--- EXERCISE INPUTS ---
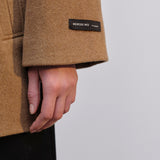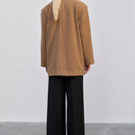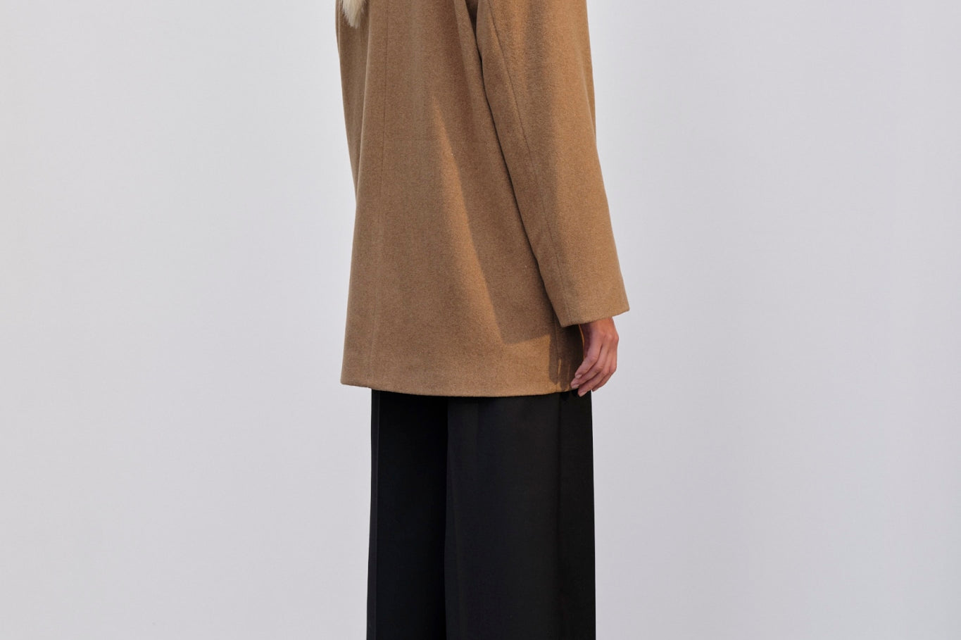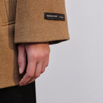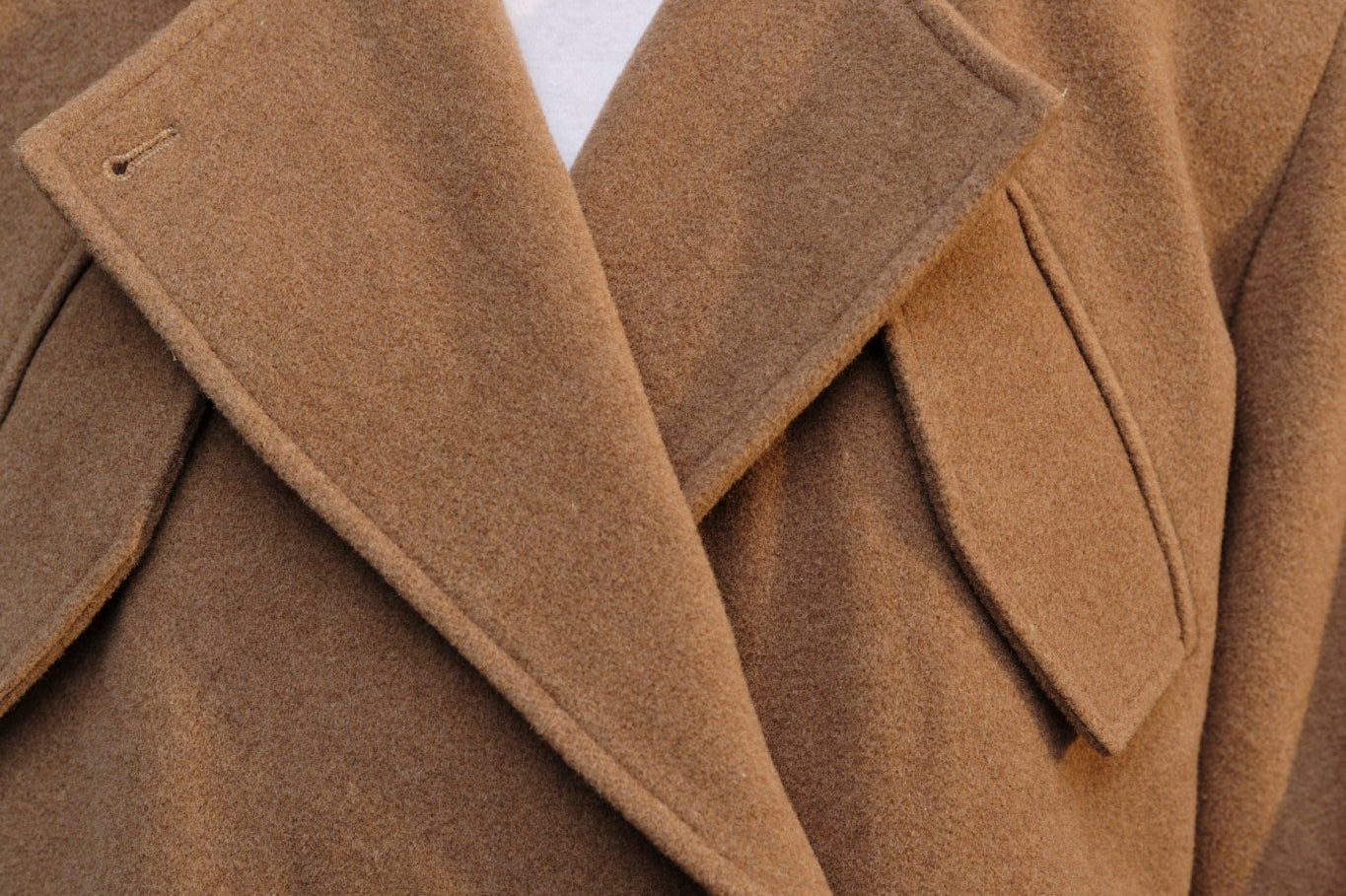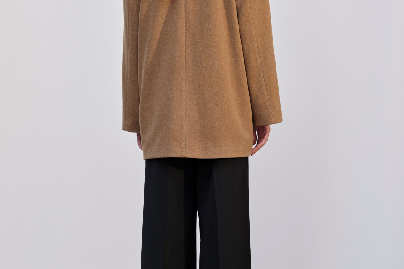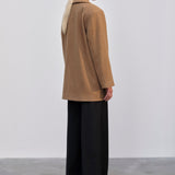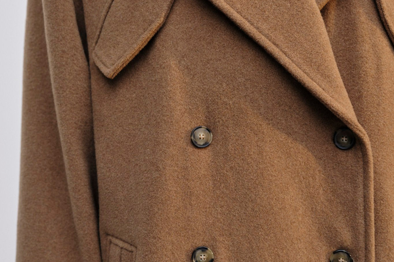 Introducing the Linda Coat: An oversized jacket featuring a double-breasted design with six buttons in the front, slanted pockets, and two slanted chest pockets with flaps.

---

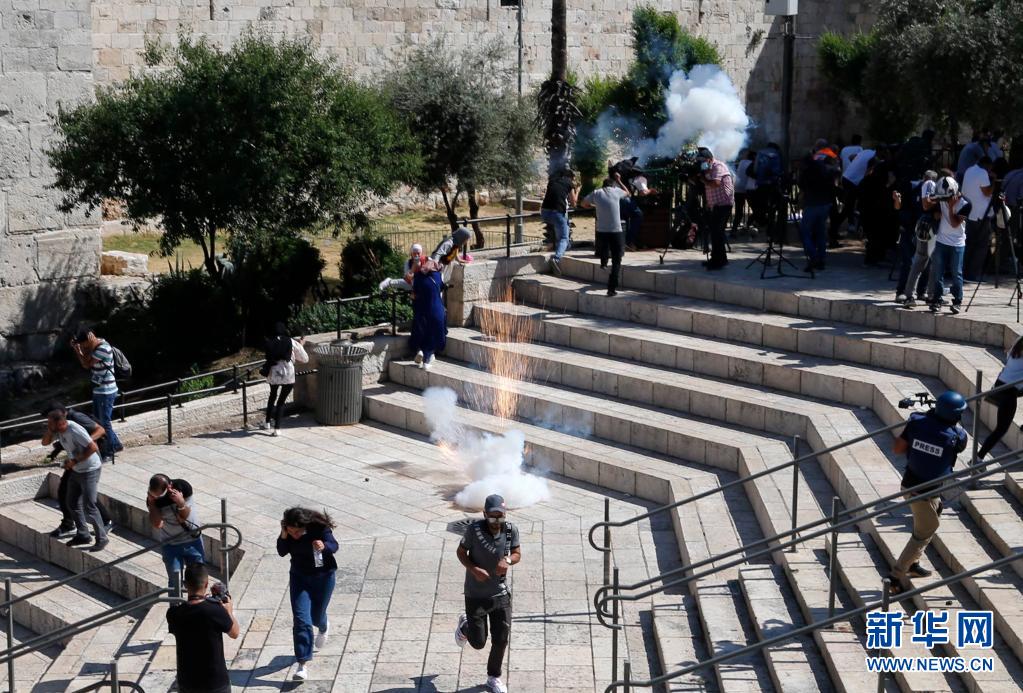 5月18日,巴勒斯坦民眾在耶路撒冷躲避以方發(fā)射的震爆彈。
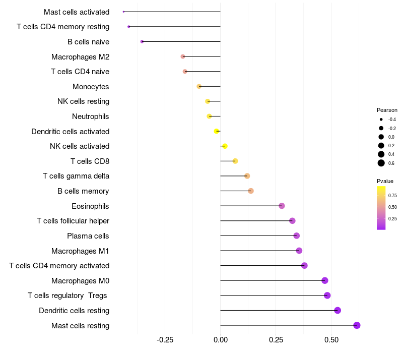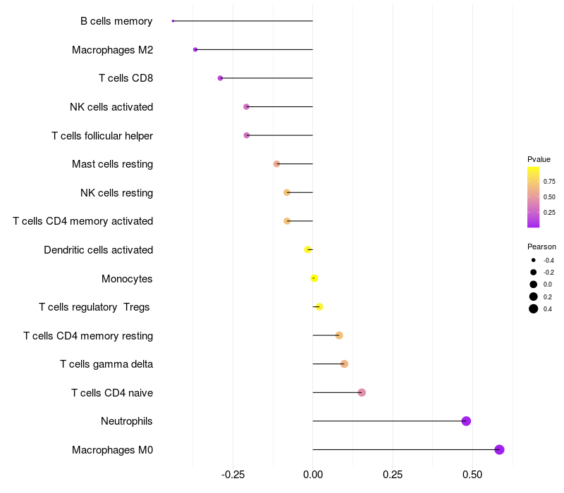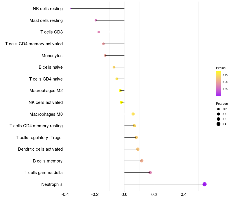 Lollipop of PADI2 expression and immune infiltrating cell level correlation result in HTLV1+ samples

==

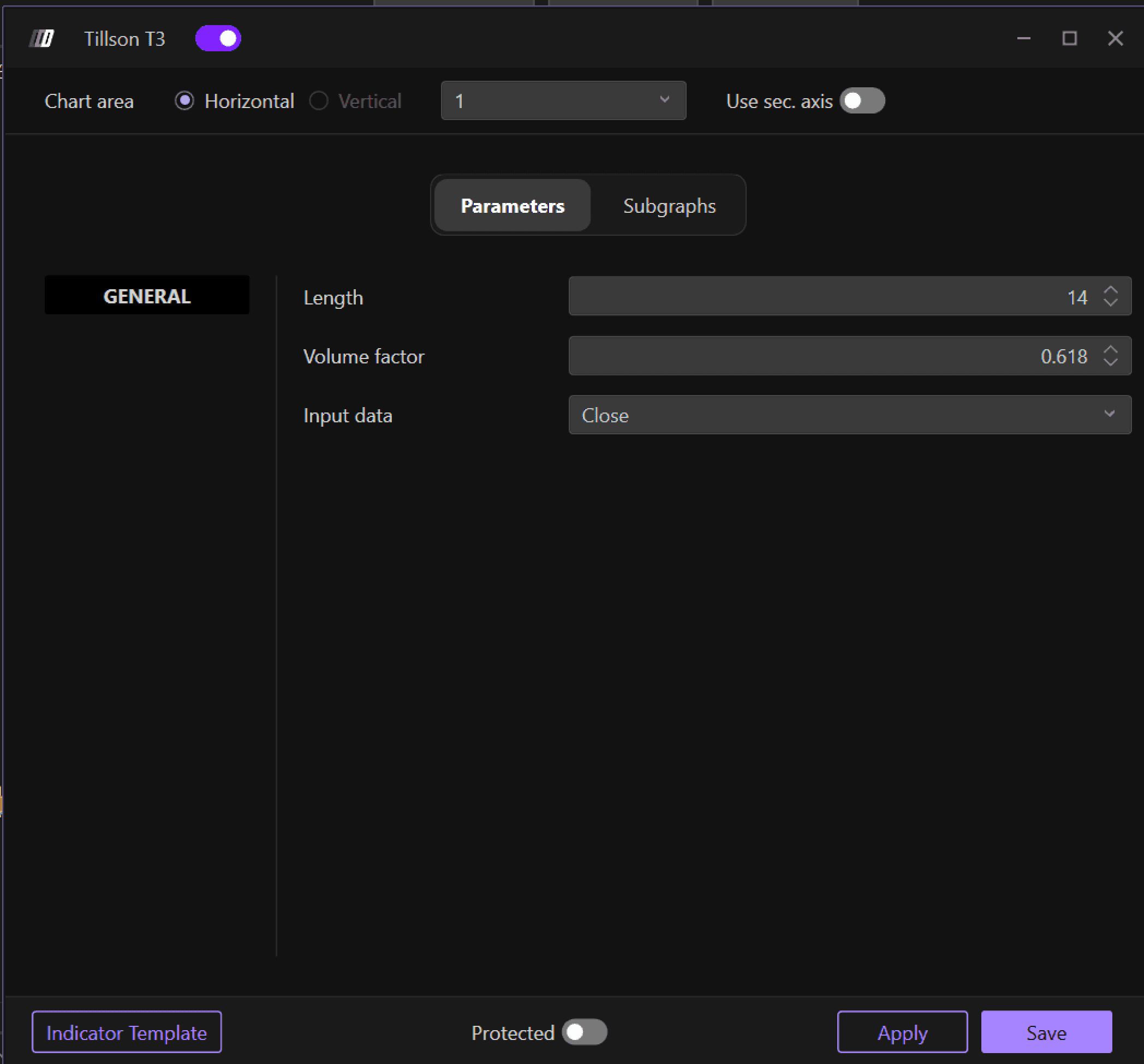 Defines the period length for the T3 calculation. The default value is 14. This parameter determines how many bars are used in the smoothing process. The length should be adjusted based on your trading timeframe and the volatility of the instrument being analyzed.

--- ABOUT THIS TASK ---
In the data above, take the line with "5月18日,巴勒斯坦民眾在耶路撒冷躲避以方發(fā)射的震爆彈。", the line with "Lollipop of PADI2", and every line between, and set them down exactly without pictures.

--- SOLUTION TO THE EXERCISE ---
 5月18日,巴勒斯坦民眾在耶路撒冷躲避以方發(fā)射的震爆彈。
 Lollipop of PADI2 expression and immune infiltrating cell level correlation result in HTLV1+ samples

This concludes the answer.